Abstract: Water resources play a crucial role in human living environments, and inherent optical properties (IOPs) serve as important indicators of aquatic ecological conditions that can be estimated using QAA algorithms. However, most algorithms rely on the absorption coefficients of water constituents estimated at the 412 nm wavelength band. The new semi-analytical algorithm (QAA-LN) estimates IOPs for inland and coastal waters based on the ratio of remote sensing reflectance. This method consists of two main components. Firstly, it selects the commonly used 665 nm band as a reference to retrieve the total absorption coefficient (a) and the backscattering coefficient (bbp). Secondly, it calculates phytoplankton absorption coefficient (aph) and the absorption by particles and colored dissolved organic matter (adg) using the ratio of remote sensing reflectance at 490 nm and 665 nm. The model was evaluated using the collected coastal and inland water data sets. The mean absolute error (MAE) of a (λ), bbp (λ), aph (λ) and adg (λ) were 0.20 m1, 0.18 m1, 0.19 m1, and 0.28 m1, indicating satisfactory performance. The new algorithm was also applied to the Landsat 8 OLI satellite data in conjunction with the measured data, demonstrating favorable performance, particularly in its application to the Hume Lake in Australia. QAA-LN has the potential to serve as a simple and effective algorithm, with plans for future expansion to monitor changes in IOPs of global inland and coastal waters using other satellites.
文章引用:王尤杨, 阿如娜, 阿如汗, 谢泽洋, 王芳. 基于QAA算法的近岸和内陆水域固有光学量反演[J]. 地理科学研究, 2025, 14(1): 142-156. https://doi.org/10.12677/gser.2025.141016

1. 引言

固有光学特性(IOPs)是指海洋和内陆水体、浮游植物、有色溶解物、非藻类颗粒物的吸收和散射特性[1],与水体组分浓度及其光学特性相关。固有光学量可用于估算叶绿素浓度[2]、悬浮物浓度[3]、浮游植物生物量及初级生产力[4]、碳储量[5]和模拟其他生物地球化学过程[6],对于海洋和内陆水体监测至关重要。通过野外测量和遥感技术准确获取固有光学量,是水色研究的基础[7]

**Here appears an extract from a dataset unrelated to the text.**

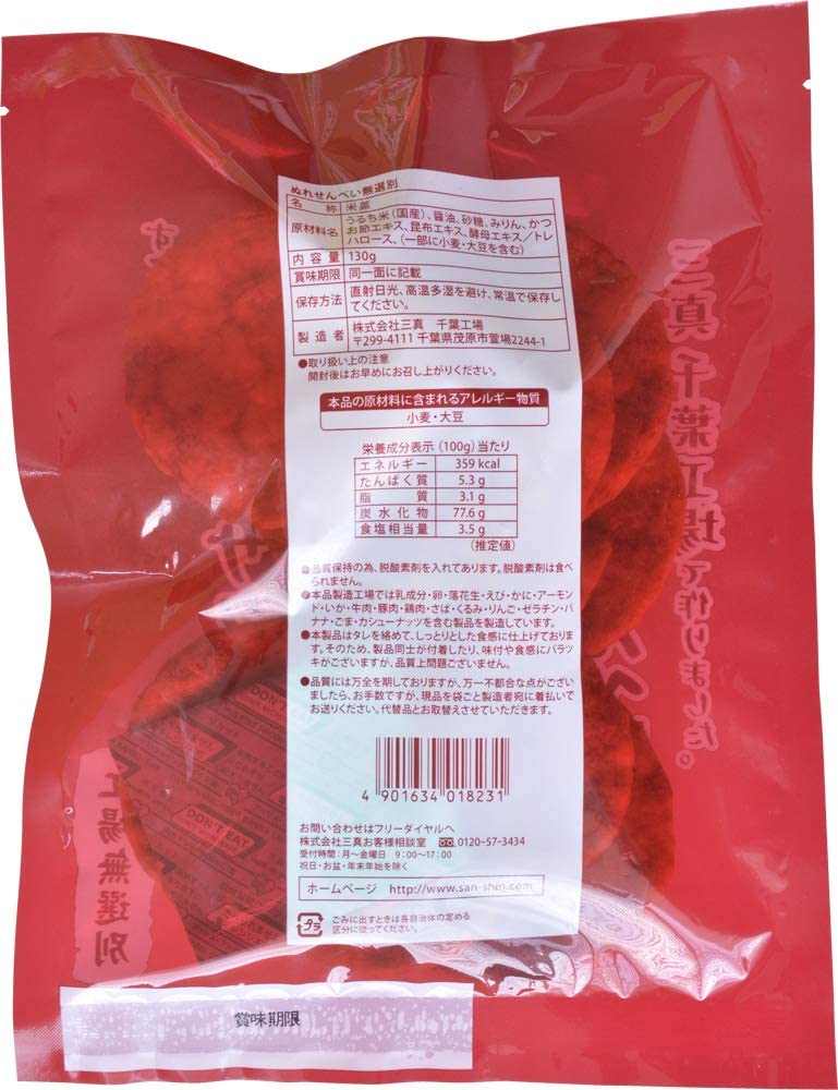 大判のぬれせんべいを徳用サイズで用意しました。国産米の生地に千葉の醤油を合わせたこだわりの逸品です。本品製造工場では乳成分・卵・落花生・えび・かに・アーモンド・いか・牛肉・豚肉・鶏肉・さば・くるみ・りんご・ゼラチン・バナナ・ごま・カシューナッツを含む製品を製造しています。品質保持の為、脱酸素剤を入れてあります。脱酸素剤は食べられません。本製品はタレを絡めて、しっとりとした食感に仕上げております。そのため、製品同士が付着したり、味付や食感にバラツキがございますが、品質上問題ございません。

目前国际上已有多种水体固有光学量遥感反演算法。其中,准分析算法(Quasi-analytical Algorithm, QAA)是水色遥感中应用最广泛的半分析算法,已在国内多个水域得到了成功应用[8]-[10]。该算法主要由两部分组成,首先反演总吸收系数(total absorption coefficients, a)和后向散射系数(backscatter coefficient, bbp),其次将总吸收系数分解为水体各组分的吸收系数,包括浮游植物吸收系数(absorption coefficient of phytoplankton, aph)和颗粒和有色溶解有机物吸收系数(absorption coefficients of NAP and colored dissolved organic matter (CDOM), adg)。

近年来,QAA算法在参考波段[11]-[14]和经验参数[15]-[17]方面经历了几次改进,其性能得到了较高提升。但仍存在以下两方面的问题:(1) 在光学性质复杂的近岸和内陆水域中,受水域环境参数影响,水体各组分吸收系数反演效果存在较大不确定性[18]-[23]。(2) QAA算法反演过程中需要410 nm波段,而大多数卫星传感器缺少该波段。因此,如何在缺少410 nm波段的前提下在复杂水域环境中准确反演水体组分吸收系数是半分析算法面临的难题。

Landsat-8卫星搭载的陆地成像仪(Operational Land Imager, OLI)和能够提供涵盖可见光至近红外的9个波段,具有较高的空间分辨率(30 m)和光谱分辨率,满足了对沿海和内陆水域的调查且在对地观测研究中得到了广泛应用[24]-[26]。长时间数据积累和高分辨率,使得OLI传感器更适合近岸和内陆水体参数的遥感反演[26] [27]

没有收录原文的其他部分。